La proximité des électorats du Front national et du Front de gauche : mythe ou réalité ?

Peut-on parler de proximité, voire de porosité entre les électorats du Front de gauche et du Front national ? Dans cette étude très éclairante, Chloé Alexandre démontre que ce « bloc des extrêmes » est, jusqu’à présent, une illusion, à la fois politique, sociologique et électorale.

L’idée que le Front national et le Front de gauche partagent un même électorat et qu’un transfert de voix s’opère entre ces deux candidatures – le plus souvent en faveur du FN – est-elle fondée ou trahit-elle une illusion ? A partir de l’enquête postélectorale 2012 du Cevipof, Chloé Alexandre dénonce un préjugé et fournit une autre explication à l’essor du vote frontiste et à la stagnation de la gauche radicale.

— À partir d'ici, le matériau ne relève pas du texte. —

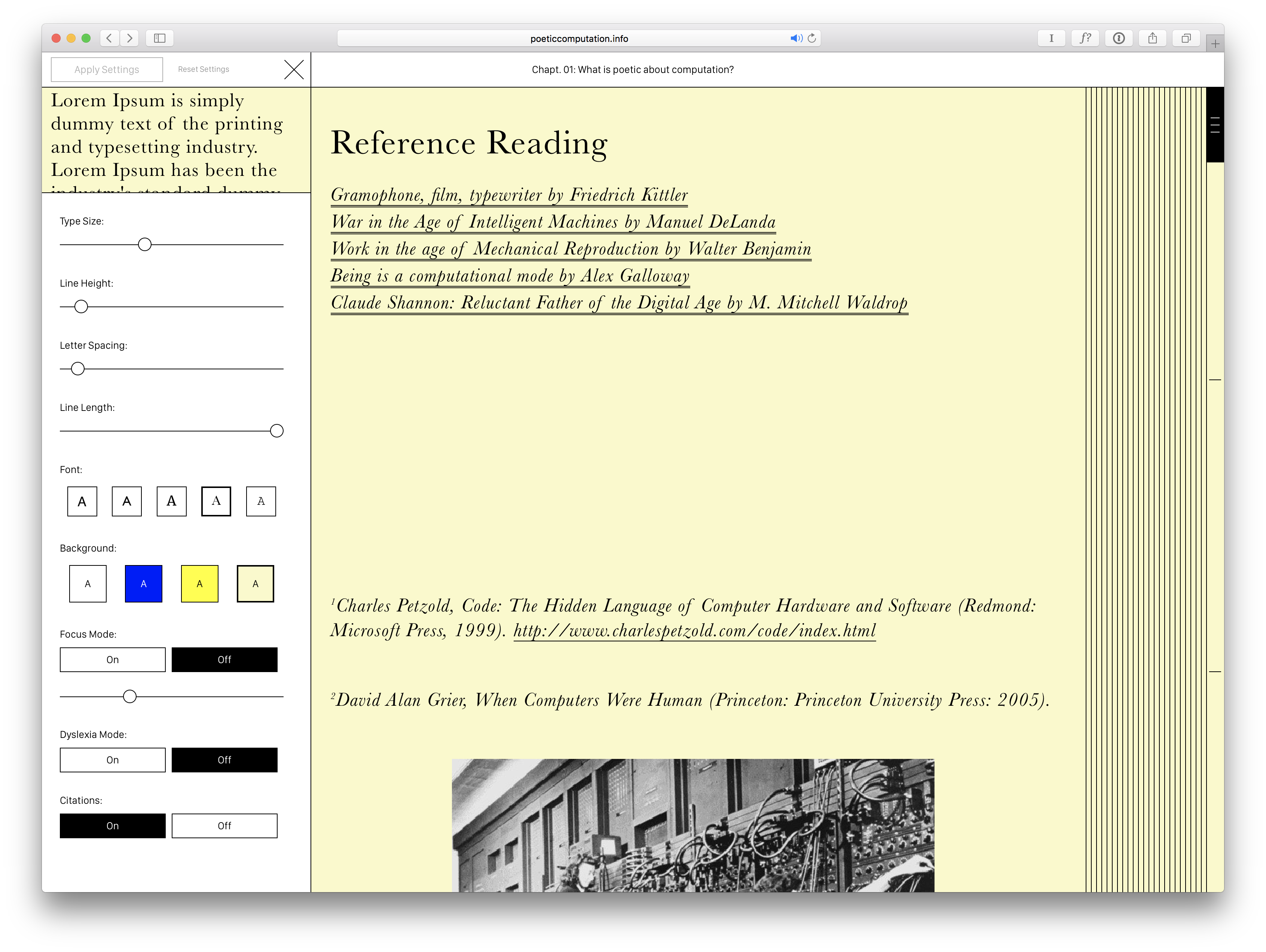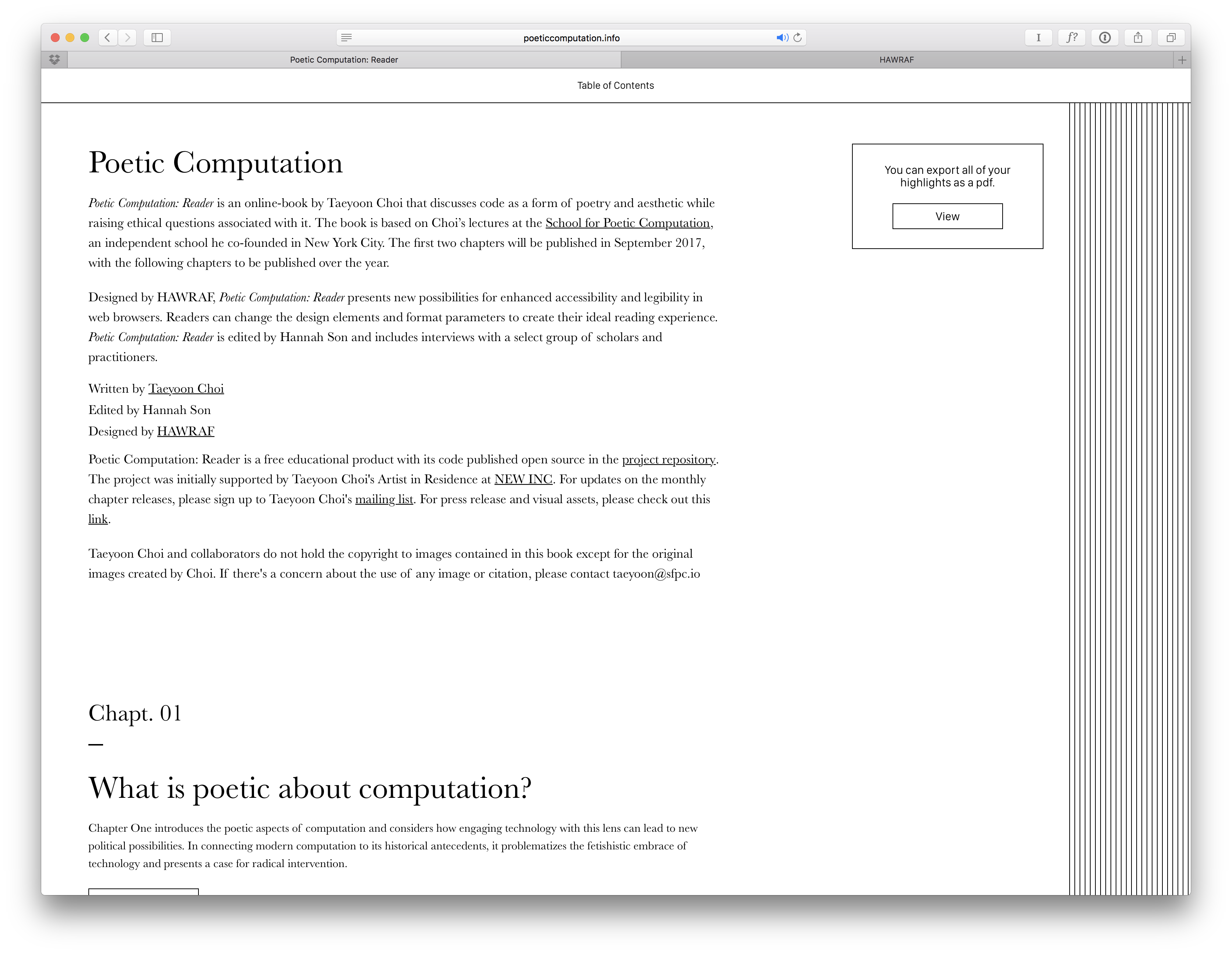 Designed by HAWRAF, Poetic Computation: Reader presents new possibilities for enhanced accessibility and legibility in web browsers. Readers can change the design elements and format parameters to create their ideal reading experience. Poetic Computation: Reader is edited by Hannah Son and includes interviews with a select group of scholars and practitioners.

Quel est l’état de la demande d’alternative en France, demande qui est au principe du vote pour le Front de gauche ou le Front national, et comment évolue-t-elle ? Entre 2007 et 2012, la critique du système politique et démocratique, celle qui vise les politiques économiques libérales et la demande de changement dans l’ouverture économique et culturelle n’ont pas connu de véritable hausse, si ce n’est concernant le rejet de la mondialisation.

La demande qui existe sur ces trois dimensions n’est pas portée par le même type d’individus, pas plus que le Front national et le Front de gauche n’attirent les mêmes électeurs. Les électeurs du FN sont caractérisés par leur antisystémisme, antimondialisation, euroscepticisme et xénophobie. Les questions de politiques économiques ne structurent pas le vote FN. Sur le plan sociodémographique, ce vote est surreprésenté chez les ouvriers et employés, habitants de petites villes périphériques, à revenus faibles et peu ou pas diplômés. Ces personnes sont aussi celles qui sont les moins intéressées par la politique, bien que nombreuses à s’auto-déclarer à l’extrême droite.

Les électeurs du Front de gauche sont plus caractérisés, quant à eux, par leur antilibéralisme, antimondialisation et rejet de la xénophobie. Ni l’Europe ni l’antisystémisme ne sont structurants. Le profil sociodémographique est hétérogène, avec une surreprésentation chez les diplômés du supérieur mais aussi chez les individus à faibles et moyens revenus. Le profil politique est plus parlant, quasiment tous s’auto-positionnent à gauche, dont une grosse partie très à gauche.

Les deux électorats sont bien différents et il est ainsi peu probable que le Front national attire vers lui des électeurs du Front de gauche et réciproquement. Les divergences sont fortes et sans appel, notamment sur la question de l’immigration, ce qui rend très peu probable une union des « souverainismes des deux bords ».

Malgré les bons résultats de chaque parti lors de l’élection présidentielle 2012, seul le FN conserve une dynamique de conquête, tandis que le résultat du Front de gauche en 2012 apparaît comme une percée conjoncturelle. Comment expliquer cette différence de succès ? Une piste de réponse se trouve dans la capacité de ces mouvements politiques à mobiliser leur électorat potentiel respectif. Tandis que le FN maximise son score dans son électorat potentiel, mobilisant ses électeurs et concentrant sur sa candidature électeurs de droite xénophobes et électeurs antisystème rejetant gauche comme droite, le Front de gauche peine à faire de même avec son propre électorat potentiel de gauche, antilibéral mais non xénophobe. Le Front de gauche est toujours devancé par le Parti socialiste, même dans ses catégories de prédilection.